Федька выпил. Почти полный стакан выцедил и Павел Иванович. Жуя сыр «Дружбу», притворно посочувствовал Генке:
— Маловато тебе осталось, племянничек.
— Ничего, — сказал Генка. — Мне много нельзя. Я директору обещал поработать после обеда: доски надо привезти из Маркатушина.
Федор, наклонив голову, прислушивался к самому себе, к своему организму. Водка докатилась до желудка, приятно грела нутро, но в голове полного порядка еще не было, еще не вся муть от вчерашнего перепоя из нее вышла.
— Мне опохмелка столько и нужна, — сказал Федька. — Я и без опохмелки могу обойтись. Хрен с ней. Очень просто. Только уж ежели начали… Разве это дело? По одному стаканчику…
— К чему клонишь, ветеран? — прервал его Генка. — Прошу точнее…
— Чего там точнее… — Федор сунул руку в боковой карман, под орден, и вытащил десятку. — Вот! — хлопнул бумажкой по пню.
— Нельзя мне больше, — уныло сказал Генка и положил на пень тройку и рубль. Сдунув с ладони табачные крошки, сыпанул немного мелочи. — Я директору обещал…
— До обеда выветрится, — подбодрил его Федор. — Не трусь.
У Павла Ивановича тоже кое-что сыскалось: вздохнув, он припечатал Федькину красненькую и Генкину тройку и рубль металлическим полтинником.
— Гут, — сказал Федор, почему-то по-немецки. — Зер гут, битте-дритте. Как раз на четыре бутылки. По три шестьдесят две. И на закуску останется — двадцать копеек… А ну, Генк, слетай!
Генка слетал. Выпили снова. Потом повторили.
— «И родина щедро поила меня березовым соком, березовым соком!» — дико заорал Генка, вспомнив слова популярной песни.
В конце аллейки показался Фомич, совхозный скотник.
— Давай сюда, дед, — закричал Генка, размахивая руками. — С ходу налью!..
— Привет честной кумпании, — сказал Фомич, подходя. — Гуляем, значит?
На Фомича было приятно взглянуть. В хорошем шевиотовом костюме, вымытый, чистенький. Даже одеколоном от него попахивало. На груди в аккуратном ряду — Красная Звезда, медаль за Будапешт, за ней — Трудовое Красное Знамя.

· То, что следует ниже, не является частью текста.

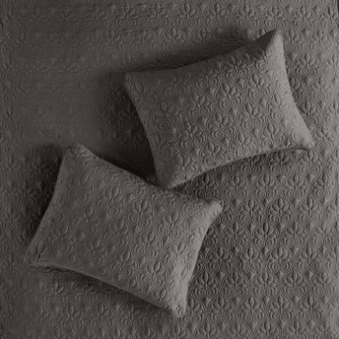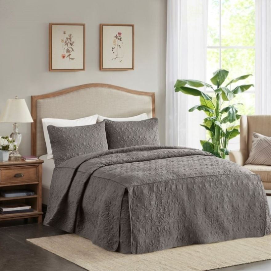 The Madison Park Quebec 3 Piece Quilted Bedspread Set offers a charming cottage-inspired update to your bedroom. The open split-corner bedspread and shams flaunt a classic stitch pattern that creates a rich depth and texture on the face of the bedding set. All-over quilted box sewing keeps the filling secure, while the 24-inch drop sides create a clean draped look with pleated corners. It is available in four different colors including a soft cream, dark grey, rich taupe, and vibrant navy. This fitted bedspread also has an antimicrobial treatment that provides built-in freshness protection, reducing the growth of odor causing bacteria to keep fabric lasting longer.

— Вот это я понимаю, — сказал Генка. — Трудовая слава рядом с боевой живет!.. Так держать, аксакал!.. А ну хлебни!
— Мне твоего вина не надо. — Фомич отстранил протянутый Генкой стакан. — Я с утра пораньше даже по праздникам не пью. Лучше так посижу, цигарку выкурю.

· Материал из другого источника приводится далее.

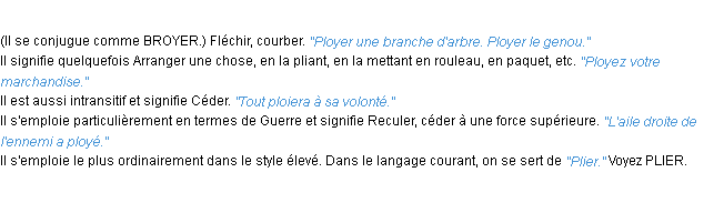 Définition « ployer » du dictionnaire académique Français, parution de l’année 1986.
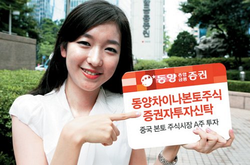 | ◇동양종합금융증권 여직원이 중국 본토 A주식시장에 주로 투자해 주가 상승에 따른 수익을 추구하는 ‘동양 차이나본토주식펀드’를 소개하고 있다. 지난달 15일 설정 첫날부터 150억원이 몰린 이 펀드는 동양자산운용이 운용한다. 동양종금증권 제공 |

— Обижаешь, дед! — плаксиво скривился Генка.
— Обижайся себе на здоровье. — Фомич закурил, затянулся, сплюнул. — Будь я тебе батькой, набил бы сейчас тебе морду, ей-бо…
— Это за что?
— За пьянку. Молоко на губах не обсохло, а туда же… за Федькой тянешься…

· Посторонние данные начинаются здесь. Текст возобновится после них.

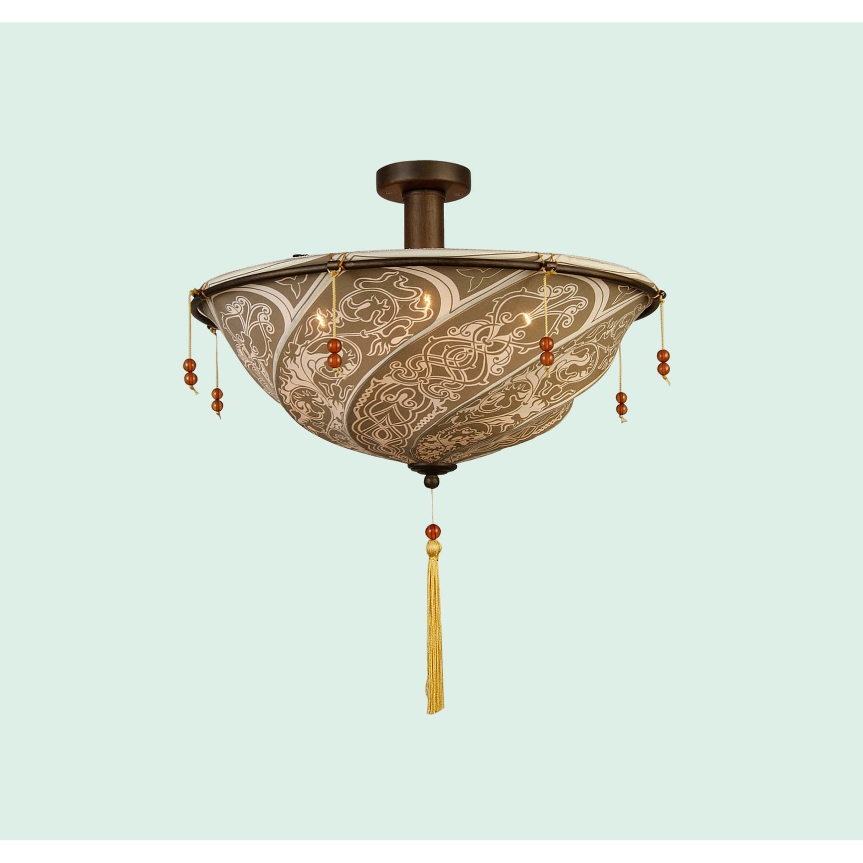 4-Light Brown Patterned Fabric Lighting Fixture

— Ты меня не трожь, — просипел Федор. Он недолюбливал Фомича, старика вредного, известного на деревне ядовитым языком, и сейчас сердился на Генку за то, что тот окликнул скотника и завел с ним тары-бары.
— А почему я тебя не могу трогать? — спросил Фомич, буравя взглядом Федора, которого, в свою очередь, не уважал и не любил. — Подумаешь, фря какая!..
— Да будет вам, деды! — крикнул Генка, пугаясь надвигавшейся ссоры. — Сегодня — праздник пресветлый. Сегодня не ругаться надо, а лобызать друг друга, прощения просить за обиды прошлые и будущие… Выражаясь фигурально.
— Так я ж его не задевал, — с пьяной готовностью мириться и целоваться просипел Федор. — Я к нему с полной душой…
— С душой? — Фомич невозмутимо попыхивал папироской. — А есть она у тебя, душа-то? Пропил ты, брат, свою душу…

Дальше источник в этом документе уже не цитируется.